Cavaco, no entanto, resvalou para uma lamentável ambiguidade ao deixar no ar a ideia de que não indigitaria um executivo formado por via parlamentar em alternativa ao eventual derrube do novo governo liderado por Passos Coelho, hoje anunciado.

Lamenta o Presidente que "as forças partidárias europeístas não tenham chegado a um entendimento". Mas cumpre perguntar: que pontes estendeu Belém com vista a esse entendimento? Que passos concretos deu Cavaco, no exercício da sua magistratura de influência, para firmar as bases de uma solução política "europeísta" dotada de um sólido apoio parlamentar?
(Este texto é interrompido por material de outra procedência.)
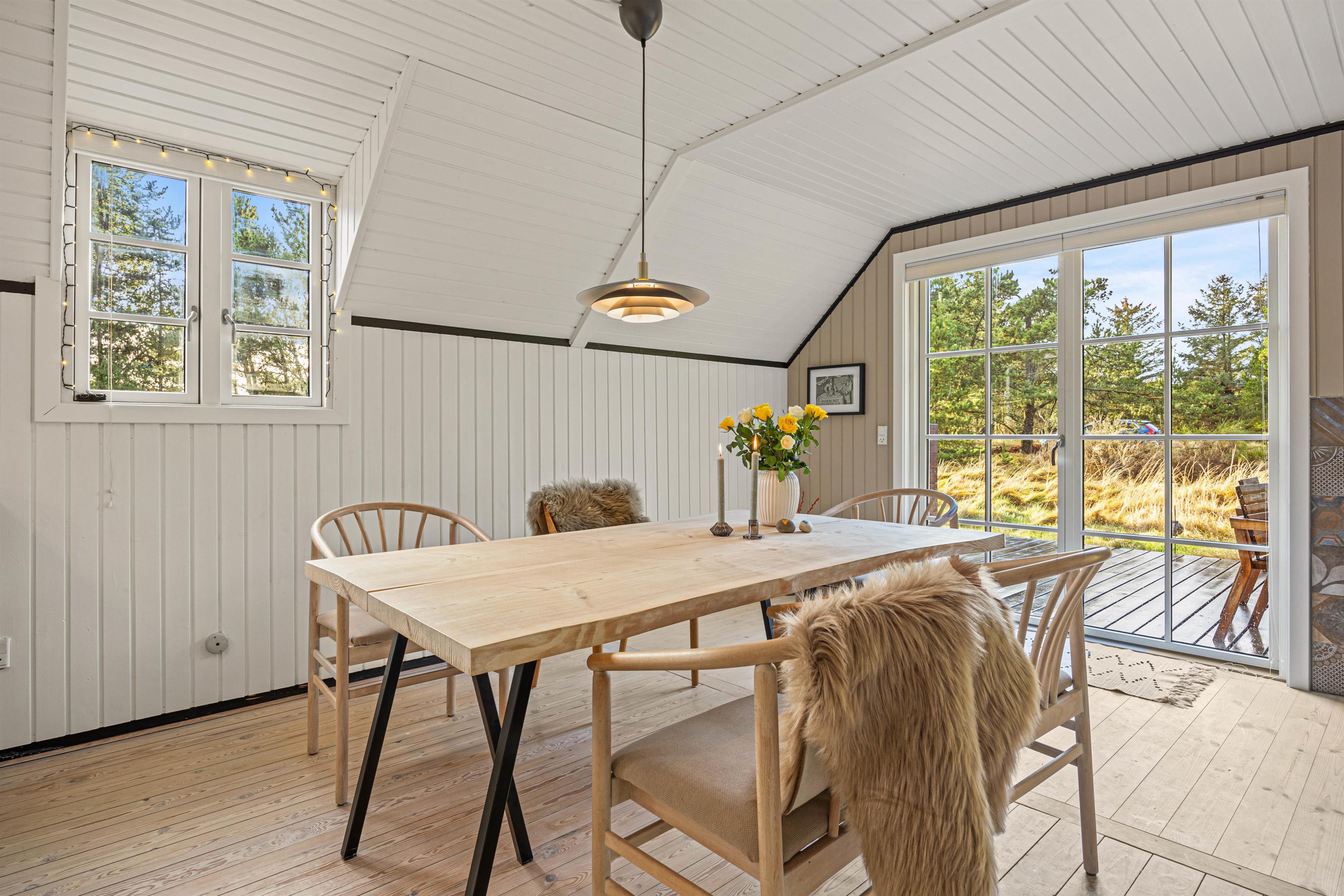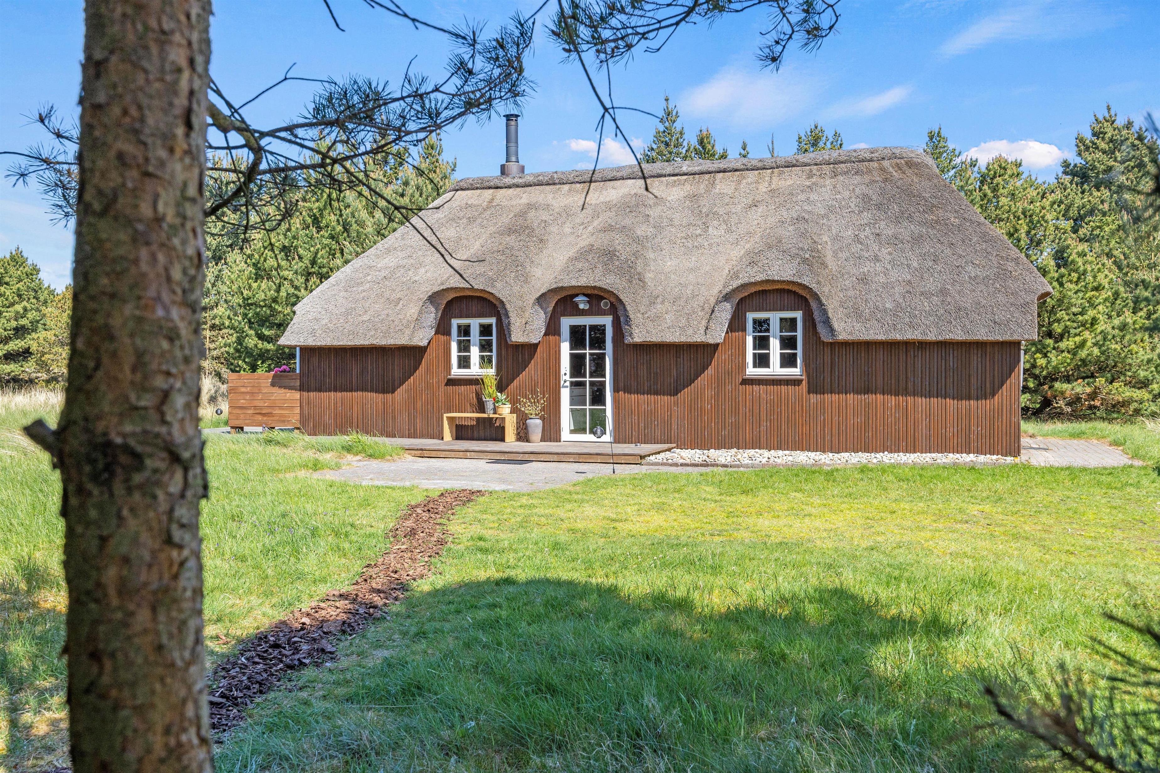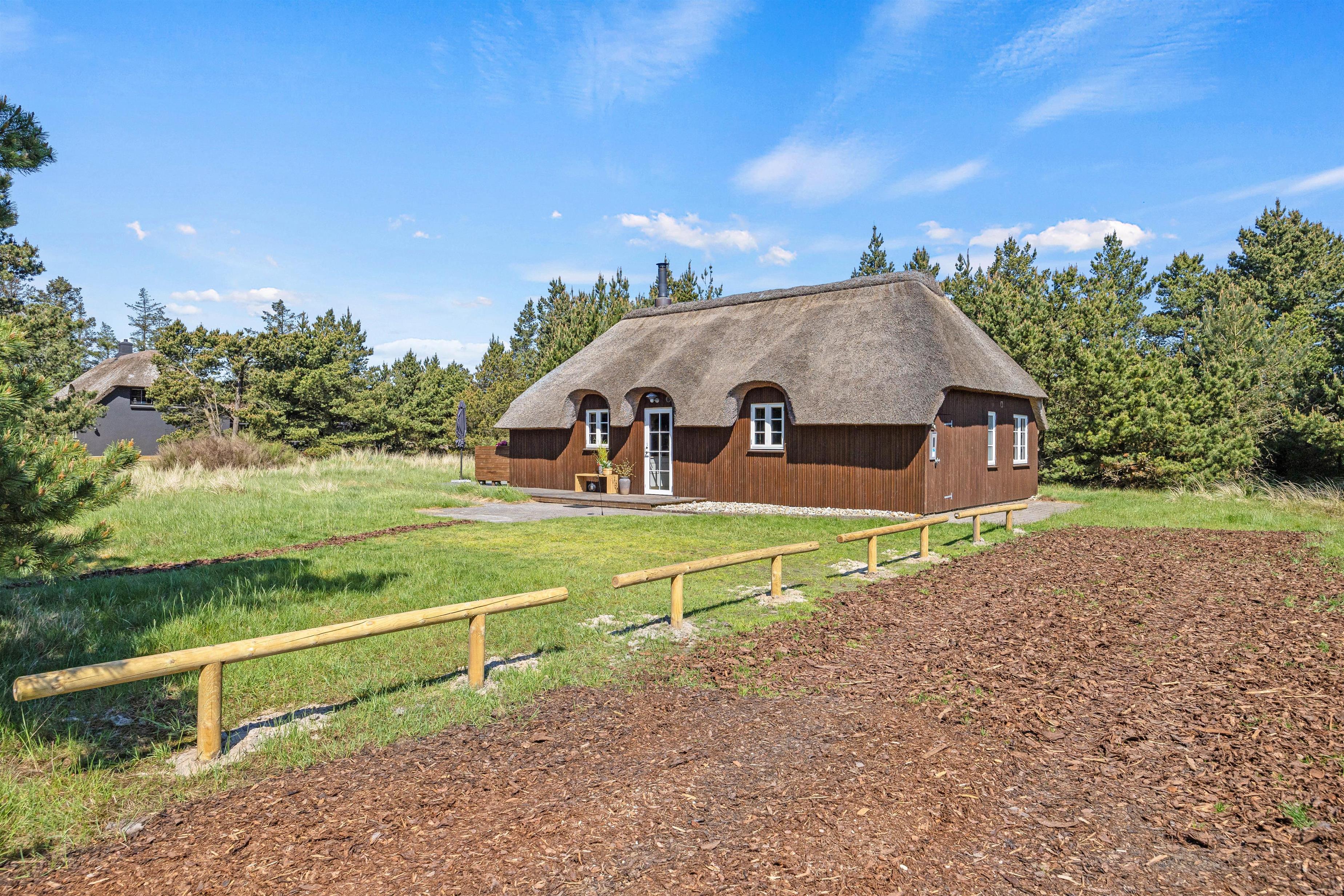 Den store klitgrund på omtrent 2300 m2 grænser op til et stort skovområde – her kan I holde en fredelig ferie og nyde solen på den store åbne træterrasse. På syd- og vest side omfavnes feriehuset af en dejlig terrasse, som er perfekt til brunch eller lidt koldt at drikke i den bløde udendørssofa. På modsatte side af huset er endnu en fin terrasse, hvor I kan sidde i læ bag fyrretræerne. Tænd op i grillen og tilbered et lækkert måltid, som hører de lune sommeraftner til.

Não basta ao inquilino do palácio presidencial refugiar-se em cortinas de retórica inconsequente para depois vir dizer aos portugueses que lançou avisos no momento próprio. De um Presidente espera-se que seja muito mais do que uma espécie de polícia-sinaleiro.

 

"Se o Governo formado pela coligação vencedora pode não assegurar inteiramente a estabilidade política de que o País precisa, considero serem muito mais graves as consequências financeiras, económicas e sociais de uma alternativa claramente inconsistente sugerida por outras forças políticas." São também palavras de Cavaco, proferidas nesse discurso, que suscitam sérias interrogações.

O Chefe do Estado poderá recusar uma solução alternativa que lhe seja proposta pelo Parlamento?

Em tese abstracta, sim - correndo o risco de terminar o seu mandato com um inédito conflito institucional entre o Presidente da República e a Assembleia da República, susceptível de causar sérios danos reputacionais ao País no plano externo e de criar feridas políticas insanáveis no plano interno.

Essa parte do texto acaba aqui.